======== Task data ========
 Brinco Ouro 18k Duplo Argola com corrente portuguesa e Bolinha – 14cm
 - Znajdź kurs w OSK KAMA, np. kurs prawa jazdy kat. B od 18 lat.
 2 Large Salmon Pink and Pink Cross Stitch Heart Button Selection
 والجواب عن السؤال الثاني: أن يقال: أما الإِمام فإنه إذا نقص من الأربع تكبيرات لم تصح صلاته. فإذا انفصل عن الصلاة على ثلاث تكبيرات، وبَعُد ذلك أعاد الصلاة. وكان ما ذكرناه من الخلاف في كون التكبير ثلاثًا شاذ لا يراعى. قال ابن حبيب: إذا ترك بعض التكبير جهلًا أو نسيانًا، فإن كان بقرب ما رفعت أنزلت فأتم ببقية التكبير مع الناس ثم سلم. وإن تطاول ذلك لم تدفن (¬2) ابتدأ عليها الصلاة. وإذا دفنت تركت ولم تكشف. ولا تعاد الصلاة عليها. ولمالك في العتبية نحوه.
========
======== Task data ========
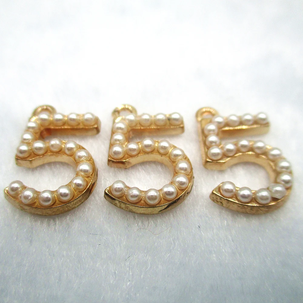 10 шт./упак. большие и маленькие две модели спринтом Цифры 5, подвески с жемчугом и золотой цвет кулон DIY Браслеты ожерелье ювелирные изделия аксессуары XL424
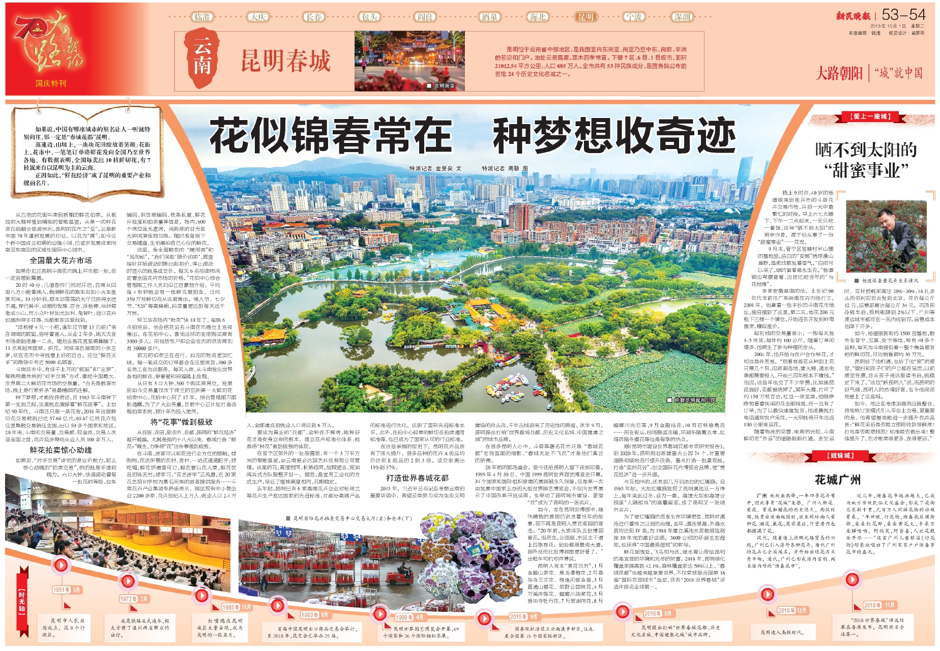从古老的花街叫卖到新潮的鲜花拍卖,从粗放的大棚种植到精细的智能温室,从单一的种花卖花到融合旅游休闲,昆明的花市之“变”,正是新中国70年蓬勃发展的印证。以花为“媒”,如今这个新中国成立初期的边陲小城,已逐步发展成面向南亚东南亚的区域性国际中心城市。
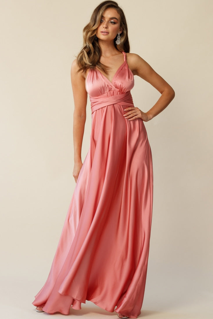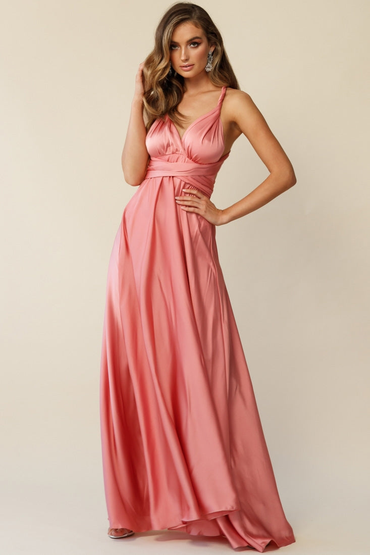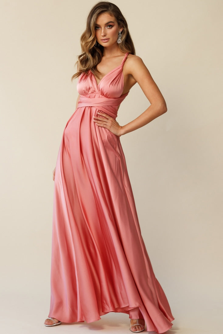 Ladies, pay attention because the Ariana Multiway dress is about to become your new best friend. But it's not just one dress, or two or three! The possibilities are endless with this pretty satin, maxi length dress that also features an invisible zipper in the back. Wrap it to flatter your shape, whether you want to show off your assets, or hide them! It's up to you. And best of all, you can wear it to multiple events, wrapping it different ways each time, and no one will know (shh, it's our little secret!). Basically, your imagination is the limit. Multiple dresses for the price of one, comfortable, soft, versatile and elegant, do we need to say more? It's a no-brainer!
========
Copy out only the lines of the records above from the one with "Brinco Ouro 18k" through the one with "2 Large Salmon", exactly as they stand, both included.

 Brinco Ouro 18k Duplo Argola com corrente portuguesa e Bolinha – 14cm
 - Znajdź kurs w OSK KAMA, np. kurs prawa jazdy kat. B od 18 lat.
 2 Large Salmon Pink and Pink Cross Stitch Heart Button Selection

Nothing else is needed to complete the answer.